* [DATA SHOWN]:

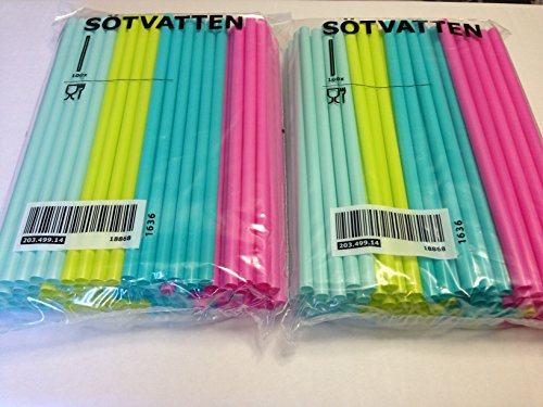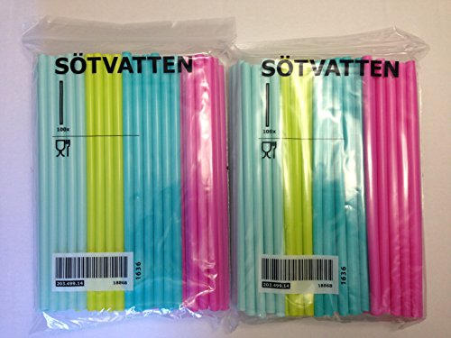 -. Brand : Ikea -. EAN : 0705548442847 -. Feature : The wide straw is ideal for thicker drinks such as smoothies. / Bright beautiful colors so kids can enjoy! / Two packages of 100! / Essential for any family home, especially with children! -. ProductGroup : Kitchen -. ProductTypeName : KITCHEN -. Title : Ikea Sotvatten Straws 100x2 (200pack) Baby blue, Lime, Pink & Blue -. UPC : 705548442847
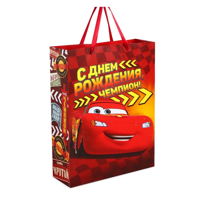 Пакет ламинат вертикальный "С Днем рождения, чемпион!", Тачки, 23 х27 х11.5 см 2019715
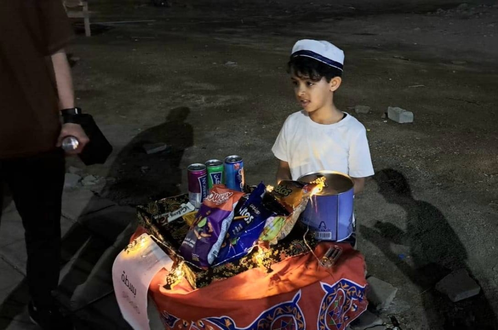 يقف الطفل تميم عبدالله باشنيني ابن الأعوام الستة شامخاً أمام بسطته متوشحاً بالزي التراثي الحجازي، مردداً العبارات والأهازيج التي تستعطف الزبائن ومرتادي بسطته محدودة الأنواع، بغية تحقيق مصدر دخل إضافي خلال هذا الشهر في ظل الانتعاش الذي تشهده البسطات الرمضانية طوال شهر رمضان المبارك.
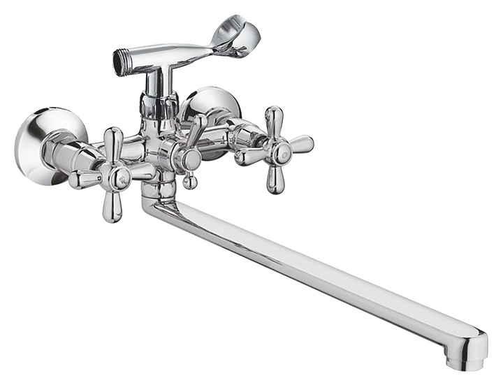 Смеситель для ванны и душа Cron CN2125 предназначен для подачи горячей и холодной воды в ванных помещениях. Керамическая кран-букса обеспечивает бесшумное смешивание воды. Аэратор создает мягкую струю без брызг. Изделие выполнено из металлического сплава, который отличается прочностью и долговечностью, шланг - из металла. В комплект поставки входят смеситель, шланг, душевая лейка, держатель душевой лейки и эксцентрики. Особенности:
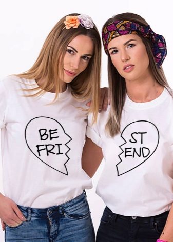 - Samarreta amb foto conjunta impresa. Si realment ets el millor dels amics, aleshores a la impressió següent, encarrega't dues samarretes idèntiques amb la teva divertida foto conjunta. Aquest regal sempre recordarà a la noia de la vostra amistat.
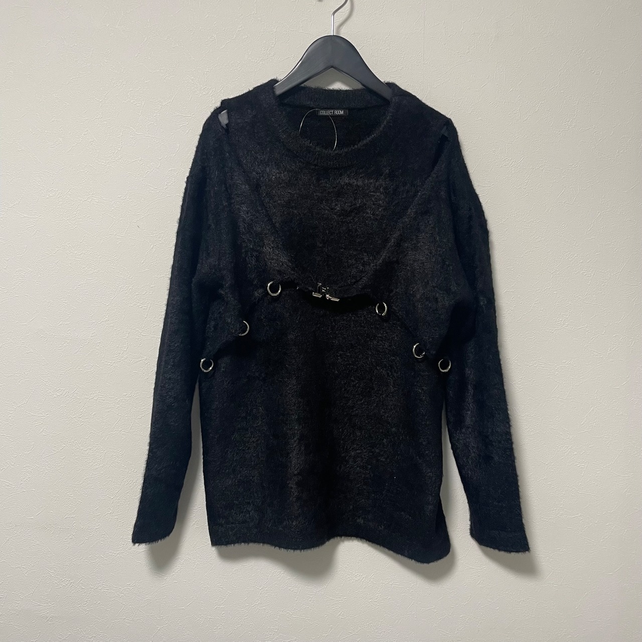 Off-shoulder design shaggy knit tunicーBLACK
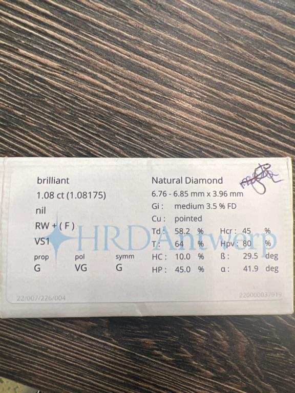 14 kt witgouden ring gezet met een HRD certified diamant 1.08 ct F VS1
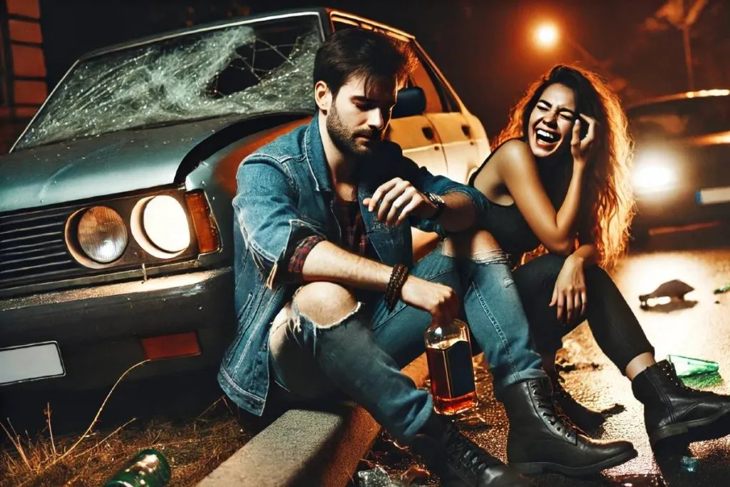 -E olha só, um outro milagre: meu carro ficou totalmente destruído, mas essa garrafa de whisky não quebrou! Deve ser outro sinal. Vamos beber e comemorar esta sorte. E ela entrega a garrafa ao homem. Ele concorda, abre a garrafa e toma alguns goles diretamente do gargalo. E devolve a garrafa a mulher. Ela a pega, coloca a tampa de volta, e a devolve ao homem. Ele não entende o gesto e pergunta:
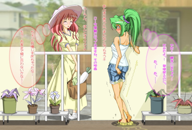 | ある夏の昼下がり絵里ママと佑香のおしゃべりに花が咲く。小粒家と下級生家は割りと家が近く、百合と同年代の子というのもあって佑香と絵里ママはよくお話をするのだ。だが佑香はトイレが恥ずかしくて言えず、夢中になった絵里ママも便意に気付く…。 |
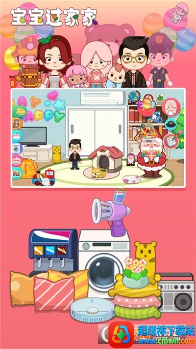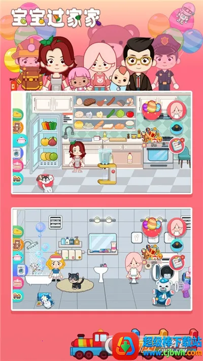 宝宝过家家最新手机版是一款儿童向休闲益智游戏。采用Q版卡通画面与柔和色彩,操作简单易上手。玩家能为角色换装、选多种角色与场景探索互动,完成任务得小红花,还有彩蛋与小游戏,锻炼能力又添乐趣。
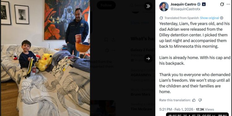로이터·AP통신에 따르면 호아킨 카스트로(민주·텍사스주) 연방 하원의원은 엑스(X·옛 트위터)를 통해 텍사스주 딜리의 구금 시설에 억류돼 있던 5세 어린이 리암 코네호 라모스와 그 아버지가 미니애폴리스 교외 자택으로 돌아왔다고 밝혔다.
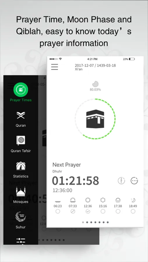 according to your exact place to calculate the local prayer time and accurately show the direction to Mecca, to support prayer time display function without network (GPS), to allows the user to adjust your own prayer time and alarm clock with remind voice base on your current location.

* [EXERCISE OBJECTIVE]:
In the data above, find the line containing "يقف الطفل تميم" and the line containing "Off-shoulder design shaggy knit tunicーBLACK". Repeat those two lines and everything between them exactly, minus the pictures.

* [OUTPUT OF THE TASK]:
 يقف الطفل تميم عبدالله باشنيني ابن الأعوام الستة شامخاً أمام بسطته متوشحاً بالزي التراثي الحجازي، مردداً العبارات والأهازيج التي تستعطف الزبائن ومرتادي بسطته محدودة الأنواع، بغية تحقيق مصدر دخل إضافي خلال هذا الشهر في ظل الانتعاش الذي تشهده البسطات الرمضانية طوال شهر رمضان المبارك.
 Смеситель для ванны и душа Cron CN2125 предназначен для подачи горячей и холодной воды в ванных помещениях. Керамическая кран-букса обеспечивает бесшумное смешивание воды. Аэратор создает мягкую струю без брызг. Изделие выполнено из металлического сплава, который отличается прочностью и долговечностью, шланг - из металла. В комплект поставки входят смеситель, шланг, душевая лейка, держатель душевой лейки и эксцентрики. Особенности:
 - Samarreta amb foto conjunta impresa. Si realment ets el millor dels amics, aleshores a la impressió següent, encarrega't dues samarretes idèntiques amb la teva divertida foto conjunta. Aquest regal sempre recordarà a la noia de la vostra amistat.
 Off-shoulder design shaggy knit tunicーBLACK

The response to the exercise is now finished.